(Beginning of Exercise input)

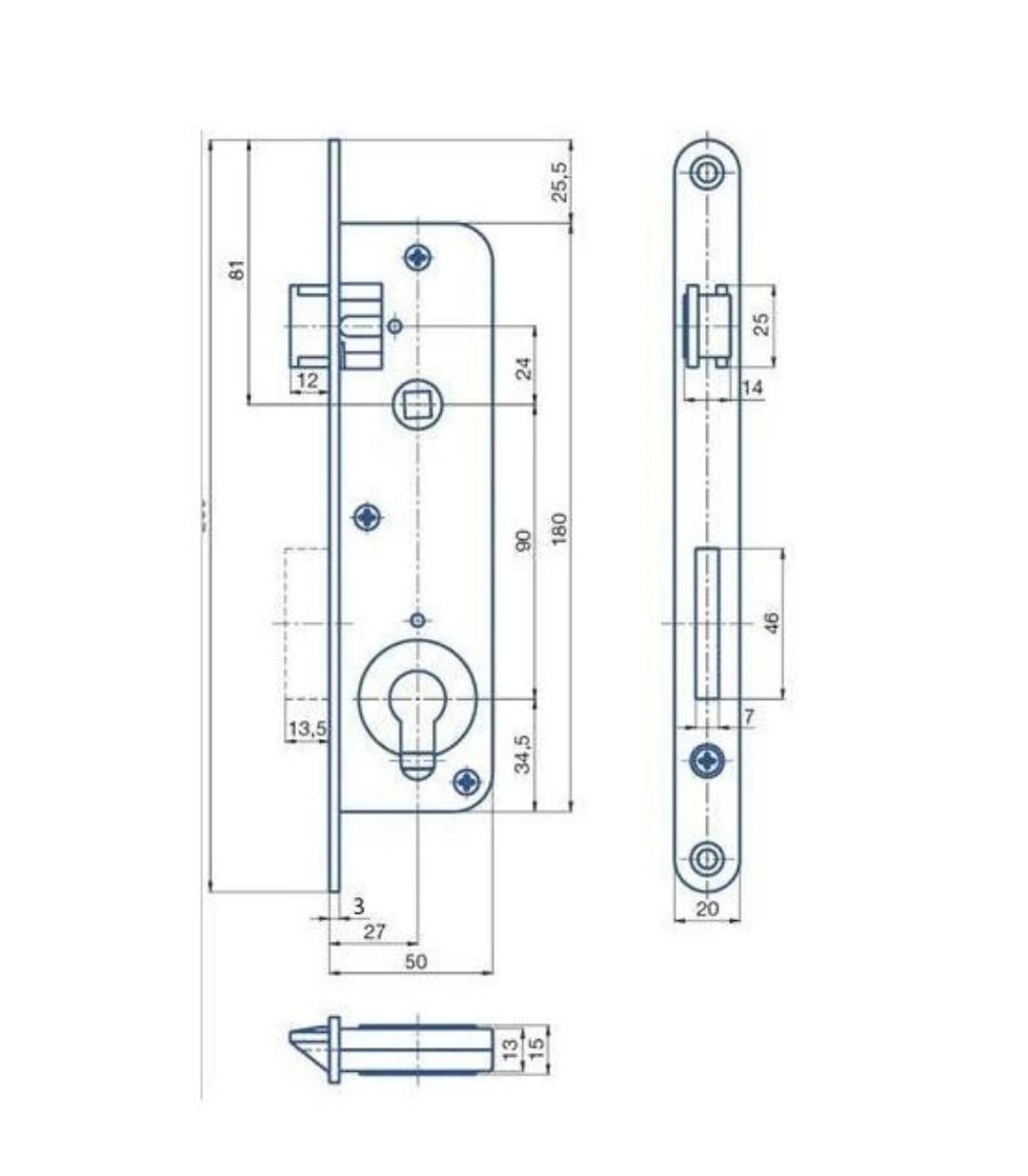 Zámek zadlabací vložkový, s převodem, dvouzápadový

(End of Exercise input)
(Beginning of Exercise input)

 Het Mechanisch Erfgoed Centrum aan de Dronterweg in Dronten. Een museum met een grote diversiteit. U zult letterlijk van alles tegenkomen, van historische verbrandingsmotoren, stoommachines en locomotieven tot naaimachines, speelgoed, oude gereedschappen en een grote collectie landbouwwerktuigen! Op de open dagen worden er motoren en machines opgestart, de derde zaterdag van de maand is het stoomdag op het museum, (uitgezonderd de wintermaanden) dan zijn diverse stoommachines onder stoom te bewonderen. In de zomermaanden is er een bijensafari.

(End of Exercise input)
(Beginning of Exercise input)

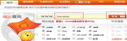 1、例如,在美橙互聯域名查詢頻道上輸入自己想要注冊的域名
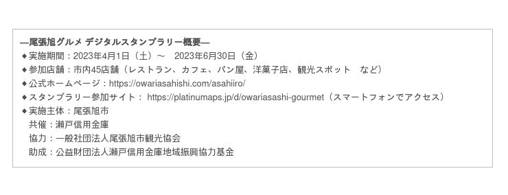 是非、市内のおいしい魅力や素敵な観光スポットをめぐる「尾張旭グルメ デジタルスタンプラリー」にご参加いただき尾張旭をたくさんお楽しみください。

(End of Exercise input)

Work order
Reproduce exactly the lines of the data above that run from the line with "1、例如,在美橙互聯域名查詢頻道上輸入自己想要注冊的域名" down to the line with "是非、市内のおいしい魅力や素", both ends included. Pictures do not belong in the copy.

Written solution
 1、例如,在美橙互聯域名查詢頻道上輸入自己想要注冊的域名
 是非、市内のおいしい魅力や素敵な観光スポットをめぐる「尾張旭グルメ デジタルスタンプラリー」にご参加いただき尾張旭をたくさんお楽しみください。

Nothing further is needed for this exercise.